-------- RECORDED DATA

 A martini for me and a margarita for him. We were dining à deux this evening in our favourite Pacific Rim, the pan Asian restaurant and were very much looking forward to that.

----------------
-------- RECORDED DATA

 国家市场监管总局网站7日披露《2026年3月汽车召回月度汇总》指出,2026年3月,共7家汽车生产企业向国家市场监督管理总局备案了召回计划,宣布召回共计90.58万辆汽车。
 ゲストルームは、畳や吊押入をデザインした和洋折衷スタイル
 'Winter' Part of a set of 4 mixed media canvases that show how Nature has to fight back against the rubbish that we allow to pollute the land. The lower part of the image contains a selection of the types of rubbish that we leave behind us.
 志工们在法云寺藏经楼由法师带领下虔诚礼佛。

----------------
-------- RECORDED DATA

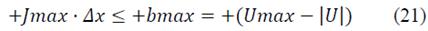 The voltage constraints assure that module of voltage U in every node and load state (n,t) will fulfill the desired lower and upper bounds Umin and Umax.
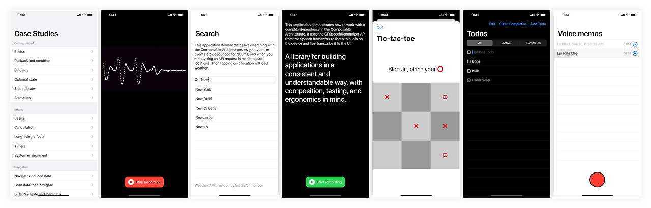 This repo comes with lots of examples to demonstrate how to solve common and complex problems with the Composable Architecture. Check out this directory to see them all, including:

----------------

From the records above, print exactly the lines that run from the line with "国家市场监管总局网站7日披露" to the line with "志工们在法云寺藏经楼由法师带领下虔诚礼佛。", inclusive.

 国家市场监管总局网站7日披露《2026年3月汽车召回月度汇总》指出,2026年3月,共7家汽车生产企业向国家市场监督管理总局备案了召回计划,宣布召回共计90.58万辆汽车。
 ゲストルームは、畳や吊押入をデザインした和洋折衷スタイル
 'Winter' Part of a set of 4 mixed media canvases that show how Nature has to fight back against the rubbish that we allow to pollute the land. The lower part of the image contains a selection of the types of rubbish that we leave behind us.
 志工们在法云寺藏经楼由法师带领下虔诚礼佛。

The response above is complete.